→ Your objective: For the data below, give again exactly the lines from the one containing "5歳児は焼きあがったサツマイ" through the one containing "今回の2SK117BLのId", both ends included, and no others.

→ Data listing:
=== Section Start ===
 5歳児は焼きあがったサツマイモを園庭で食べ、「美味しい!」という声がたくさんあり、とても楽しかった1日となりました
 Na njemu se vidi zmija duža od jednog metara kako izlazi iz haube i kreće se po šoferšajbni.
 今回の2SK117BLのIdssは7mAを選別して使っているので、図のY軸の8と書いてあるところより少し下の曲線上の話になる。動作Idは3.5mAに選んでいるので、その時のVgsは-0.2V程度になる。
=== Section End ===
=== Section Start ===
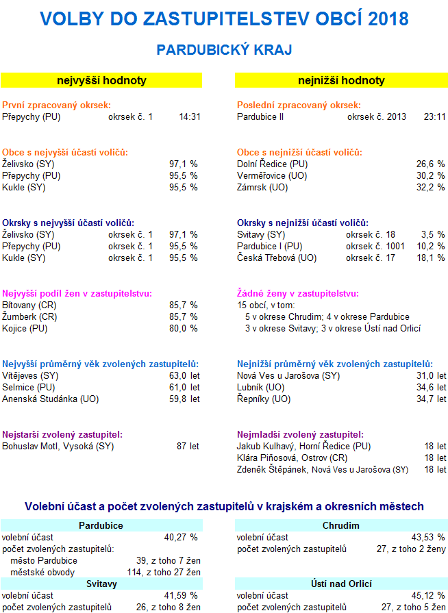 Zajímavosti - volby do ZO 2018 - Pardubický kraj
=== Section End ===
=== Section Start ===
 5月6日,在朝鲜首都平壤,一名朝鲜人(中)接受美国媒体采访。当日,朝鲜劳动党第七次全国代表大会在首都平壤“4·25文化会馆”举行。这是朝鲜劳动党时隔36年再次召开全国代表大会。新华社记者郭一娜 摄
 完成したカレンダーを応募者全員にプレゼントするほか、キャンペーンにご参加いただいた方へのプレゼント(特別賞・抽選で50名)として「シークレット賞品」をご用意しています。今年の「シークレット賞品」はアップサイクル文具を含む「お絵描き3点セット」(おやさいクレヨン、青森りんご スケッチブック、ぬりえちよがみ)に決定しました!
=== Section End ===
→ Answer below:
 5歳児は焼きあがったサツマイモを園庭で食べ、「美味しい!」という声がたくさんあり、とても楽しかった1日となりました
 Na njemu se vidi zmija duža od jednog metara kako izlazi iz haube i kreće se po šoferšajbni.
 今回の2SK117BLのIdssは7mAを選別して使っているので、図のY軸の8と書いてあるところより少し下の曲線上の話になる。動作Idは3.5mAに選んでいるので、その時のVgsは-0.2V程度になる。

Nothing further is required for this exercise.